Un exemple. Je discutais récemment, avec des ami-e-s, à propos de Charlie Hebdo ; je défendais à peu près les mêmes positions que dans cet article, à avoir que les dessinateur/trice-s de ce journal avaient eu raison de se montrer « irresponsable[s] ». Cet article, je ne sais trop moi-même jusqu’à quel point il me convainc ; sans doute est-il parfois un peu rapide. Cela n’empêche pas qu’il y ait en moi des intuitions morales qui résistent, pour le moment, aux doutes que pourrait faire naître en moi la prise de conscience de la faiblesse localisée de tel ou tel argument. Si j’échoue à convaincre mes ami-e-s, ou si, accidentellement, je ne trouve rien à répondre à certains de leurs arguments, c’est parce que je ne suis pas moi-même capable de faire le jour sur mes propres idées. Leurs arguments (condamnant l’attitude de Charlie Hebdo) ont beau être percutants, pertinents, intelligents, logiquement valables, pleins de bon sens ou d’esprit, ils ne peuvent pas tirer de moi autre chose qu’un « Certes, mais… ». Ainsi, lorsque l’on rétorque, à mon éloge de l’irresponsabilité, qu’il est contradictoire pour Charlie Hebdo de se proclamer « irresponsable » tout en défendant une certaine ligne politique (anticléricale, de gauche, contestataire…), cet argument ne peut pas purement et simplement mettre par terre mon éloge de l’irresponsabilité.

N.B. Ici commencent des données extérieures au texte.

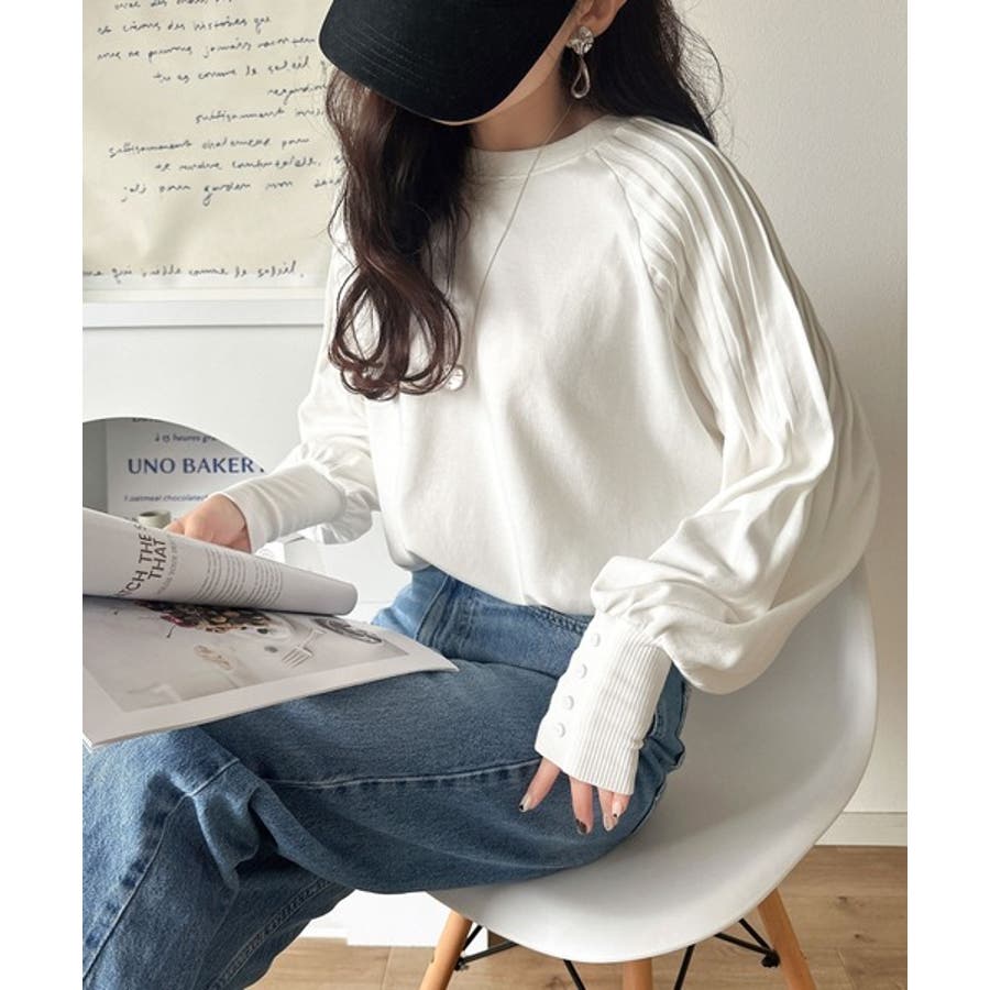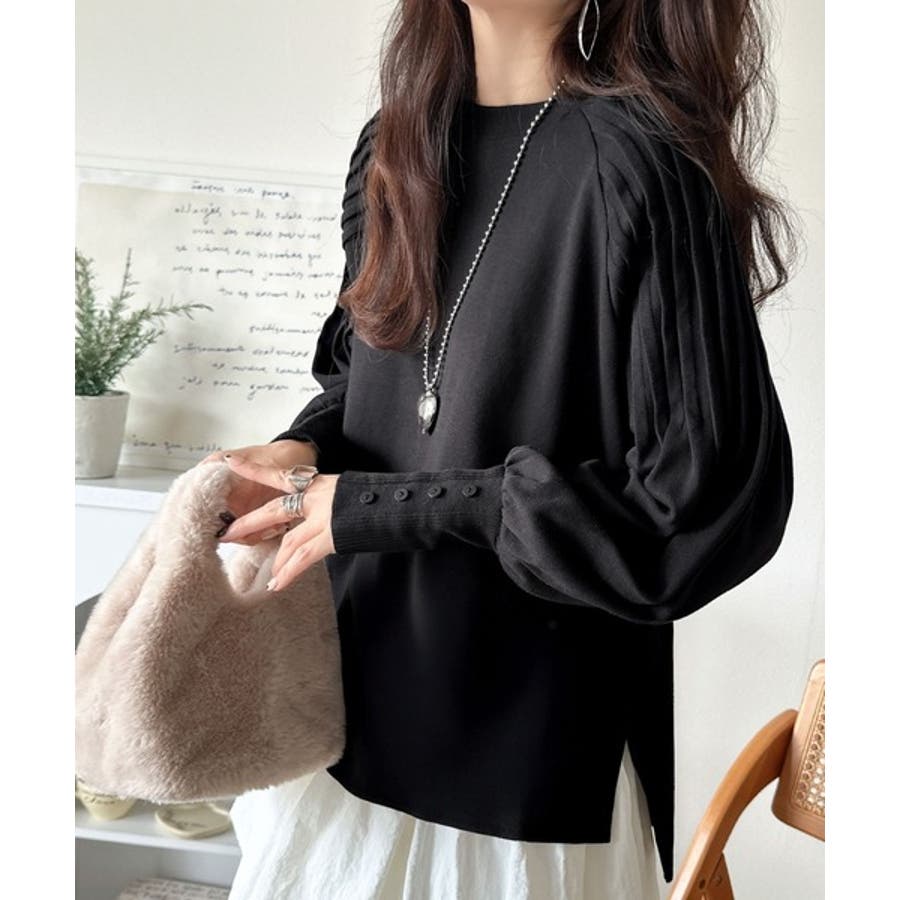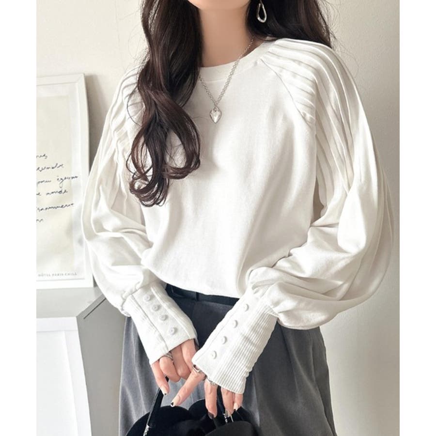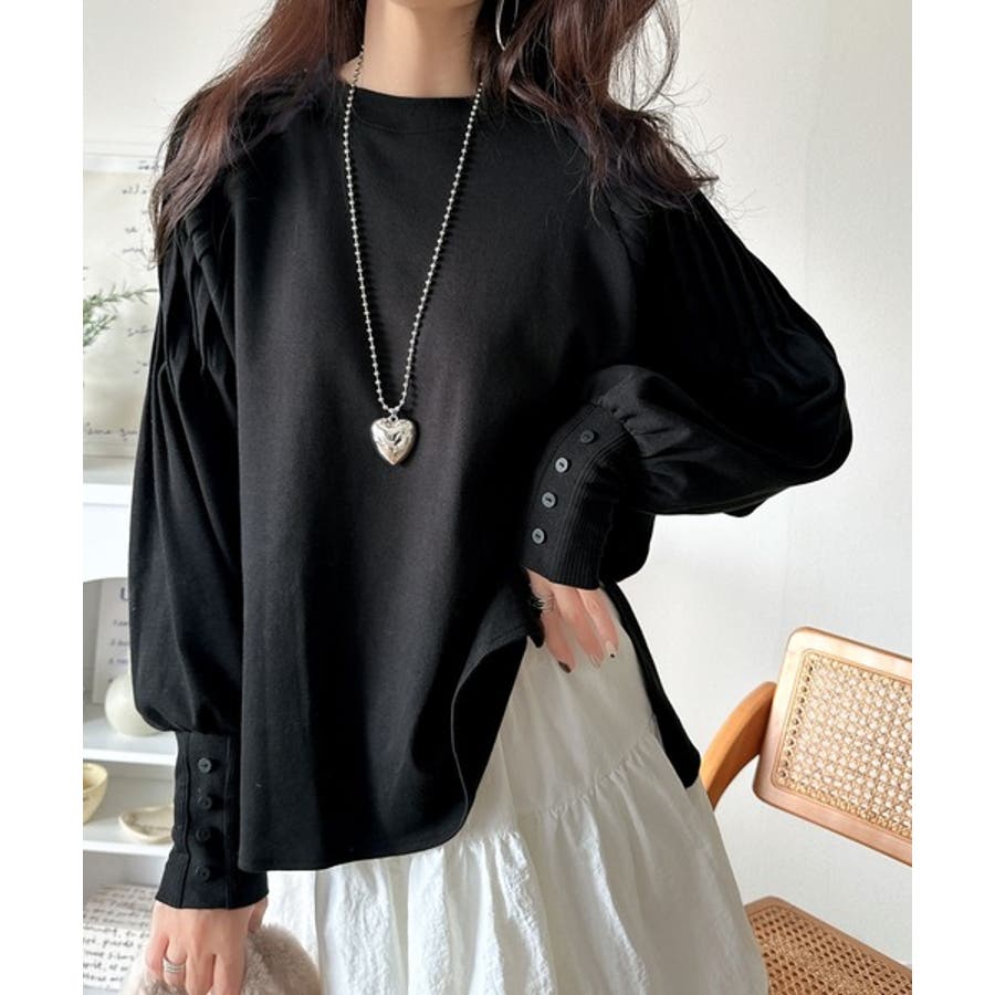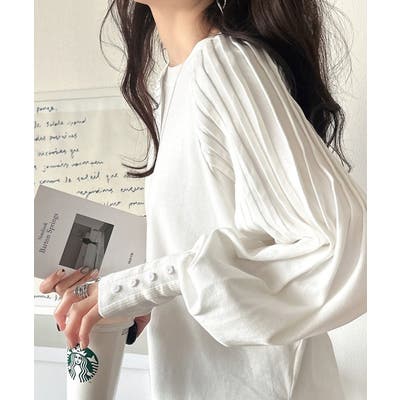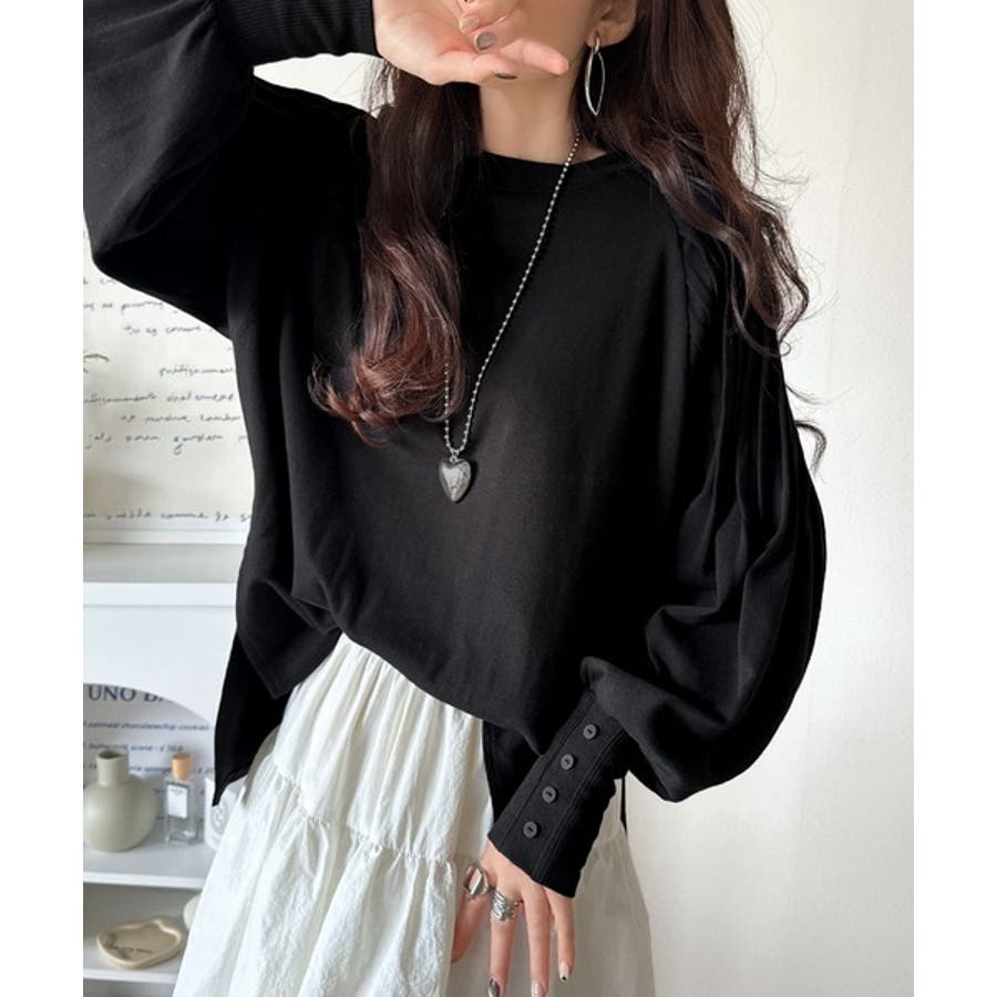 タックの入ったバルーンスリーブが特徴的なロングリブスリーブカットソー。

Il m’invite seulement à élaborer (ou tenter d’élaborer) une conception plus fine de l’engagement politique et de la responsabilité, et à me demander ce qu’il faut exactement entendre par politique et par irresponsabilité, bref, à rectifier quelques points, importants certes, de ma théorie, à affiner ou préciser quelques définitions. Mais fondamentalement, ma position n’est pas ébranlée dans son fondement.

Par conséquent, quand je m’accroche avec mauvaise foi à une position fragile à laquelle on m’oppose de bons arguments, je fais, paradoxalement, par honnêteté. Ce serait succomber à un rationalisme naïf que de croire que, parce que mes arguments sont fragilisés, l’idée qu’ils soutiennent doive s’effondrer également. En réalité, l’idée en question peut reposer sur l’évidence, l’intuition, sur des formes particulièrement nébuleuses et embrumées de certitude logique. Auquel cas ce serait mentir, et me mentir à moi-même, que d’accepter comme convaincants les arguments d’autrui.

*

Point à creuser : quel rapport entre une thèse dont on n’est pas sûr-e, et une thèse dont on est sûr-e mais qu’on n’arrive pas à justifier convenablement ? Dans cet article, j’ai tendance à faire comme si les deux étaient équivalentes. Je pense que c’est, en effet, largement vrai, mais ça mériterait d’être discuté et éclairci. J’ai commencé à essayer de me dépatouiller avec ça, et puis j’ai trouvé que c’était, pour le moment, trop compliqué. J’y reviendrai peut-être ; en tout cas, ça vaudrait le coup.

(J’espère que vous appréciez le caractère admirablement méta du paragraphe ci-dessus.)